→ ASSIGNMENT
Scanning the entries below, copy every line that contains the word "white".

→ DATA
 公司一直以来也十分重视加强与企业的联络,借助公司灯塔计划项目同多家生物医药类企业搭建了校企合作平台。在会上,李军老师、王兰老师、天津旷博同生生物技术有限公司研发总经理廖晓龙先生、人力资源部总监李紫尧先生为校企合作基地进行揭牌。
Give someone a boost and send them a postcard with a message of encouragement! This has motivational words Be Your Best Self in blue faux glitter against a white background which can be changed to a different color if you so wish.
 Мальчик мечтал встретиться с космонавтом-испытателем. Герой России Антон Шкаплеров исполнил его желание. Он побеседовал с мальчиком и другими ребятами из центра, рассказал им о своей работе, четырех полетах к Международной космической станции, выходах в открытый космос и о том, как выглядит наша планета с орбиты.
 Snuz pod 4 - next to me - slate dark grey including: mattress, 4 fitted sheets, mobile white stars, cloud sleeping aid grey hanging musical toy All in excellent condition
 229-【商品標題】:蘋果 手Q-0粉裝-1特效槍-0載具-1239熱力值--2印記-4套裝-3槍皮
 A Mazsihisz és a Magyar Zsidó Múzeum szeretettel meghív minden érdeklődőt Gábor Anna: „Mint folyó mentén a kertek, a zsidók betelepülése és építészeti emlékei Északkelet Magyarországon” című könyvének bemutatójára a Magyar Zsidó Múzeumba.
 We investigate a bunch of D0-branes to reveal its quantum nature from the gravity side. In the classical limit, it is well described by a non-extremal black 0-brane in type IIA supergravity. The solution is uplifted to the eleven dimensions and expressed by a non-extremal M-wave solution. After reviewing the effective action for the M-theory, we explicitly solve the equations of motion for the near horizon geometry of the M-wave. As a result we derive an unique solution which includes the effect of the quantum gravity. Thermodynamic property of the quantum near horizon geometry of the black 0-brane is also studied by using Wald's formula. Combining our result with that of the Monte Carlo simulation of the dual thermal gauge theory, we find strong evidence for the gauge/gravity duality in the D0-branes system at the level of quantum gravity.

...

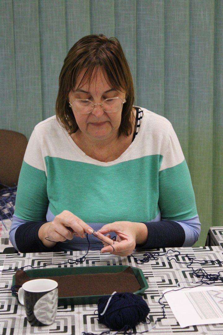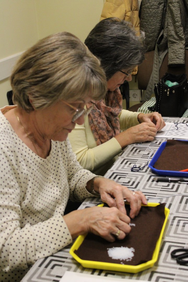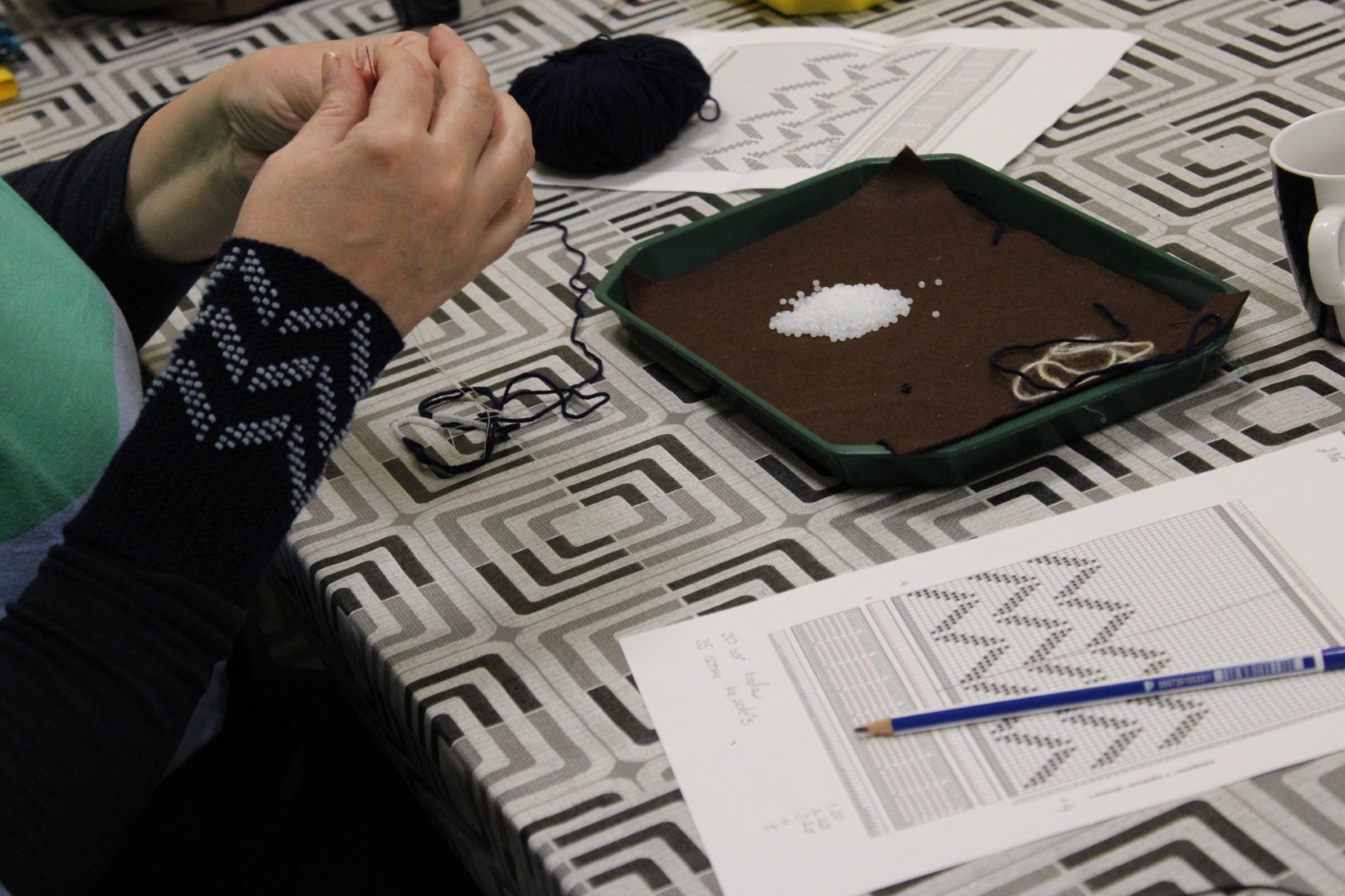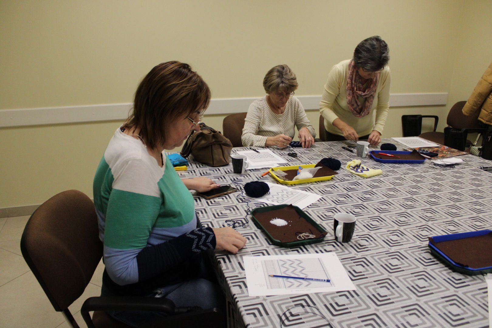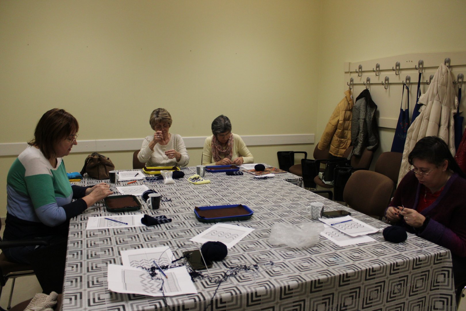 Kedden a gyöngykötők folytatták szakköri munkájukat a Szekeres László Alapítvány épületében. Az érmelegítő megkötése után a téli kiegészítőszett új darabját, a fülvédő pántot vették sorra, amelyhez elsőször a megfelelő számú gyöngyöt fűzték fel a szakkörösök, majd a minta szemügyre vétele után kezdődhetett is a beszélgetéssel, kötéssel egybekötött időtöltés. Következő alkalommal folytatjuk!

→ REPLY
Give someone a boost and send them a postcard with a message of encouragement! This has motivational words Be Your Best Self in blue faux glitter against a white background which can be changed to a different color if you so wish.
 Snuz pod 4 - next to me - slate dark grey including: mattress, 4 fitted sheets, mobile white stars, cloud sleeping aid grey hanging musical toy All in excellent condition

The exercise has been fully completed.